Records provided —

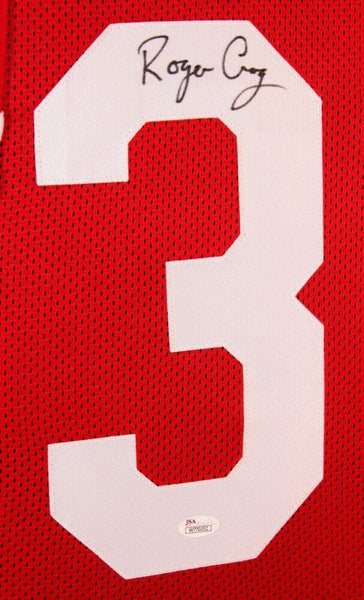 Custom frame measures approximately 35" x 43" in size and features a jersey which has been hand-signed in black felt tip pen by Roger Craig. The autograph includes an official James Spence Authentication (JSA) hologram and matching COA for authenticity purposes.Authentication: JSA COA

* * *

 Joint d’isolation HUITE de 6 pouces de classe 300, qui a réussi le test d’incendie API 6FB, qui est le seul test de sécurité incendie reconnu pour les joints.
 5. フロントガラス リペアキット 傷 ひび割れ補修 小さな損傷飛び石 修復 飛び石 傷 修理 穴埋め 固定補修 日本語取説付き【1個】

Goal of the exercise —
Write down exactly the span of lines above from the one containing "Joint d’isolation HUITE" to the one containing "5. フロントガラス リペアキット", both ends included.

Worked solution —
 Joint d’isolation HUITE de 6 pouces de classe 300, qui a réussi le test d’incendie API 6FB, qui est le seul test de sécurité incendie reconnu pour les joints.
 5. フロントガラス リペアキット 傷 ひび割れ補修 小さな損傷飛び石 修復 飛び石 傷 修理 穴埋め 固定補修 日本語取説付き【1個】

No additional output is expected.